Many such internet personalities identify as patriotic citizen journalists uncovering real corruption. Yet their demonstrated ability to spread misinformation unchecked while disguising their true motives worries experts with the United States in a presidential election year.

They are exploiting a long history of trust in American whistleblowers and anonymous sources, said Samuel Woolley, director of the Propaganda Research Lab at the University of Texas at Austin.

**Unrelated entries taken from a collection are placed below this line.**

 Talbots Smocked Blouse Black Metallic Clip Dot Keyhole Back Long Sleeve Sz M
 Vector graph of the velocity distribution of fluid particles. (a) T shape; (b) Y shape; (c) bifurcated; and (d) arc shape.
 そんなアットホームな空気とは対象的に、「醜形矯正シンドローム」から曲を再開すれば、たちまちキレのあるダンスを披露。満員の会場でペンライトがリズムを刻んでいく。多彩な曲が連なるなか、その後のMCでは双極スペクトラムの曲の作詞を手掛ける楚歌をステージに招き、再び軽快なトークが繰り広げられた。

“With these types of accounts, there’s an allure of covertness, there’s this idea that they somehow might know something that other people don’t,” he said. “They’re co-opting the language of genuine whistleblowing or democratically inclined leaking. In fact what they’re doing is antithetical to democracy.”

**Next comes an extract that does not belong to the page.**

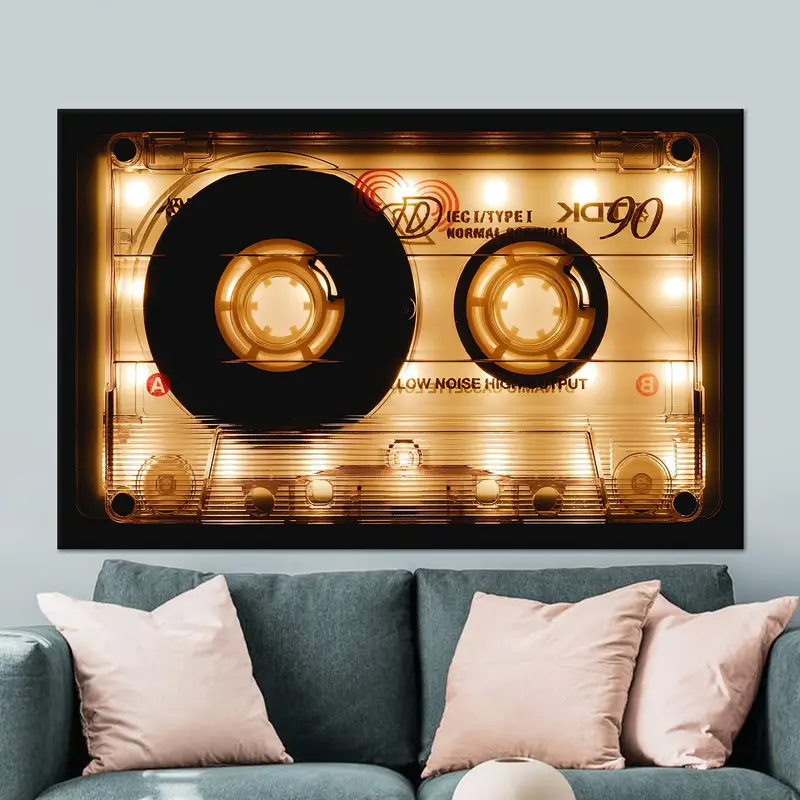Vintage Music Canvas: Retro Cassette Art Print for Home

FILE - Republican presidential candidate former President Donald Trump speaks at a campaign event in Grand Rapids, Mich., April 2, 2024. Social media accounts who shield their real identities have come to dominate right-wing political discussion online, even as they spread false information. When a user who uses a pseudonym on the social platform X made a claim against a government website, public figures including Trump, immediately started raising alarm. In three days, the claim, which election officials explained was inaccurate, amassed more than 63 million views on X, according to the platform’s metrics. (AP Photo/Paul Sancya, File)

The claim that spread online this past week misused Social Security Administration data tracking routine requests made by states to verify the identity of individuals who registered to vote using the last four digits of their Social Security number. These requests are often made multiple times for the same individual, meaning they do not necessarily correspond one-to-one with people registering to vote.

The larger implication is that the cited data represents people who entered the U.S. illegally and are supposedly registering to vote with Social Security numbers they received for work authorization documents. But only U.S. citizens are allowed to vote in federal elections and illegal voting by those who are not is exceedingly rare because states have processes to prevent it.

Accounts that do not disclose the identities of those behind them have thrived online for years, gaining followers for their content on politics, humor, human rights and more. People have used anonymity on social media to avoid persecution by repressive authorities or to speak freely about sensitive experiences. Many left-wing protesters adopted anonymous online identities during the Occupy Wall Street movement of the early 2010s.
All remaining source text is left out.